A Raisin in the Sun Analysis

The play “A Raisin in the Sun” by Lorraine Hansberry tells the story of a black family living on the South Side of Chicago in the 1950s. The title comes from the poem by Langston Hughes, “Harlem (A Dream Deferred)”. The story is all about a lower-class African-American family who trying to gain better lifestyle with an insurance payout because of the death of the father. The play begins, the younger family are about to receive $10,000 check, that comes from Mr. Younger’s life insurance policy. Every one of the family members has a different idea about what they want to do with the money they received from the insurance. Mama, who is the head of the family needs to buy a house to fulfill her dream that moving her family a house with a yard where children can play. Walter Lee. Mama’s son, need the money for the investment of a liquor store to resolve the financial problems of the family. Beneatha, Mama’s daughter, need the money for the tuition of her medical school, who is more educated than others. The young family members choices and dreams indicate their perspective towards pride, family, and money.In “A Raisin in the Sun” pride widely reflect throughout the play and it represented in an extremely positive light in. Pride is a way for them to keep their dignity. Mama tries to be inspired in her children a sense of respect for their ancestors, who were Southern slaves and sharecroppers and expresses pride in her family’s background. “In my time we was worried about not being lynched and getting to the North if we could and how to stay alive and still have a pinch of dignity too…

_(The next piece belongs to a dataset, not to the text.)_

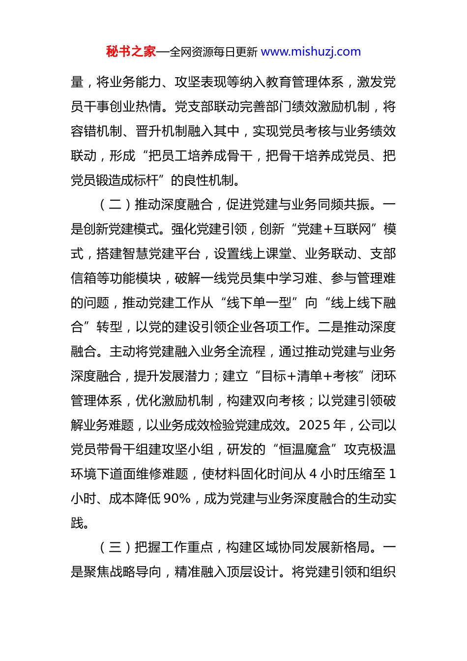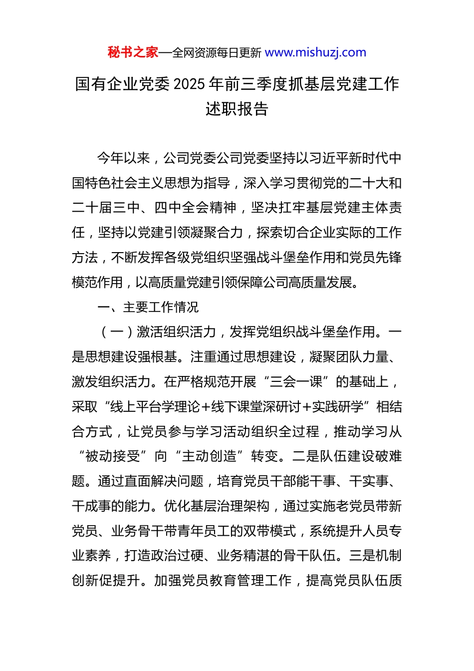 秘书之家—全网资源每日更新 www.mishuzj.com国有企业党委 2025 年前三季度抓基层党建工作述职报告 今年以来,公司党委公司党委坚持以习近平新时代中国特色社会主义思想为指导,深入学习贯彻党的二十大和二十届三中、四中全会精神,坚决扛牢基层党建主体责任,坚持以党建引领凝聚合力,探索切合企业实际的工作方法,不断发挥各级党组织坚强战斗堡垒作用和党员先锋模范作用,以高质量党建引领保障公司高质量发展。一、主要工作情况(一)激活组织活力,发挥党组织战斗堡垒作用。一是思想建设强根基。注重通过思想建设,凝聚团队力量、激发组织活力。在严格规范开展“三会一课”的基础上,采取“线上平台学理论+线下课堂深研讨+实践研学”相结合方式,让党员参与学习活动组织全过程,推动学习从“被动接受”向“主动创造”转变。二是队伍建设破难题。通过直面解决问题,培育党员干部能干事、干实事、干成事的能力。优化基层治理架构,通过实施老党员带新党员、业务骨干带青年员工的双带模式,系统提升人员专业素养,打造政治过硬、业务精湛的骨干队伍。三是机制创新促提升。加强党员教育管理工作,提高党员队伍质秘书之家—全网资源每日更新 www.mishuzj.com量,将业务能力、攻坚表现等纳入教育管理体系,激发党员干事创业热情。党支部联动完善部门绩效激励机制,将容错机制、晋升机制融入其中,实现党员考核与业务绩效联动,形成“把员工培养成骨干,把骨干培养成党员、把党员锻造成标杆”的良性机制。(二)推动深度融合,促进党建与业务同频共振。一是创新党建模式。强化党建引领,创新“党建+互联网”模式,搭建智慧党建平台,设置线上课堂、业务联动、支部信箱等功能模块,破解一线党员集中学习难、参与管理难的问题,推动党建工作从“线下单一型”向“线上线下融合”转型,以党的建设引领企业各项工作。二是推动深度融合。主动将党建融入业务全流程,通过推动党建与业务深度融合,提升发展潜力;建立“目标+清单+考核”闭环管理体系,优化激励机制,构建双向考核;以党建引领破解业务难题,以业务成效检验党建成效。2025 年,公司以党员带骨干组建攻坚小组,研发的“恒温魔盒”攻克极温环境下道面维修难题,使材料固化时间从 4 小时压缩至 1小时、成本降低 90%,成为党建与业务深度融合的生动实践。(三)把握工作重点,构建区域协同发展新格局。一是聚焦战略导向,精准融入顶层设计。将党建引领和组织秘书之家—全网资源每日更新 www.mishuzj.com目标深度关联,顶层设计分解为党建铸魂、文化聚力、队伍赋能、业务提质“四大工程”,以“清单式计划定任务、项目化管理抓落实”推动落地;压实党建责任,攻坚小组通过改造报废设备,实现资产循环利用,以党建优势保障战略实施。二是聚焦协同联动,有效打破部门壁垒。建立跨部门“党建业务融合推进会”制度,锚定共同目标、搭建协作桥梁、压实协同责任,统筹解决融合堵点。协同联动有效打破部门壁垒,以整体效能最大化应对复杂问题,最终提升公司组织运行效率与目标达成质量。三是聚焦能力提升,精心培育复合型人才。围绕组织发展需求,构建“党务+业务”双提升培养体系。公司党委建立“党建业务双讲”机制,紧紧结合业务特点开展主题鲜明的活动,培养党务干部不仅能讲党务知识,更能进项目、进现场,业务骨干不仅能干出成绩,还能分享经验,“双讲”机制为公司培育出既懂党建又精业务的复合型人才。(四)强化“四维”驱动,营造高质量发展良好氛围。一是强化党建引领,聚合力促发展。实施“价值共生计划”。以党建引领企业文化建设,确保发展行稳致远不偏航;融合党员先锋岗与优秀员工评选标准,推动党员在一线带头攻坚,形成“心往一处想、劲往一处使”的氛围。二是强化创先争优,树标杆强示范。搭建比学赶帮超秘书之家—全网资源每日更新 www.mishuzj.com平台,选树典型强化先进示范作用。精准设“赛”让争先创优有方向,设立“党员示范岗”,明确“政治觉悟高、业务技能精、服务质量优”的量化标准。服务岗设立“明星墙”,让竞赛融入日常工作;多维立“标”让示范作用见实效,“宣传+推广+联动”让标杆效应更加...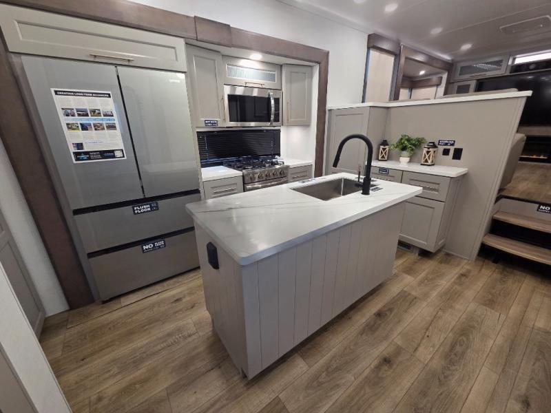 An active family will want this fifth wheel with its 48" x 115" exterior basement pull-out tray for kayaks or extra storage. Just above this area is the master suite with a rear bathroom that offers a residential shower, a porcelain toilet with soft close seat, plus a wardrobe and shelf storage. The king bed slide gives you more floor space, and you will have a seat, a flip-top dresser, and a Smart TV to watch movies in bed. The half bath is next to the main entry which is super convenient, and the middle kitchen is separate from the front living area. The cook will love the residential microwave, range and oven, plus the 19 cu. ft. 12 volt residential refrigerator. There is also a pantry and extra counter space on the kitchen island with a large sink. The views out of the atrium windows in the slide out, which includes the swivel table and desk, are a must see. And when you need to watch the big game, the 55" Smart TV with a pull-out fireplace storage are up front with the dual recliner love seat and two sleeper sofas.

Now here come you and Beneatha talking about things we aren’t never even thought about hardly, me and your daddy. You aren’t satisfied or proud of nothing we done.” (p. 1534). Mama need to teach her son to proud for his ancestors. When a neighborhood representative offers to buy back their new home because they are black, the family reject the offer because they prefer to keep their pride rather than money. Early in the play, Younger family give priority for money, but in the end, they realize how important pride is to achieve their dreams. The author uses the African American Younger family as a representation of the entire race’s struggle for the American Dream. This play shows how race can complicate the black-American dreams and how their race delays them from accomplishing their dreams. The family worries about Mama’s decision to move Clybourne, the location of their new home. They have hesitations about moving to an all-white neighborhood, they know the separation between the two races. Mama tells Walter Lee of the differences in racism from her generation to the present day. She was worried about racism still appears and she notices that her children have lost the benefits of the new society.

Money creates a constant conflict in the Younger household because the members of the family view money in different ways. They all live in a small apartment in Chicago’s Southside, because of the Younger family’s poor status and lack of money. It indicates how the black community economically suffers and have the struggle to live a better life like whites. Karl Lindner, the white representative thinks that money can buy their pride. He offers the Youngers to buy the house for them to stay away from Clybourne Park. Mama explains to Walter that her family and her race cannot be bought with any amount of money. It shows pride and honor is more important than money. Mama thinks that money destroys happiness, family connection because people tend to fight over it that is why she only plans to keep the money to solve the problems of her family.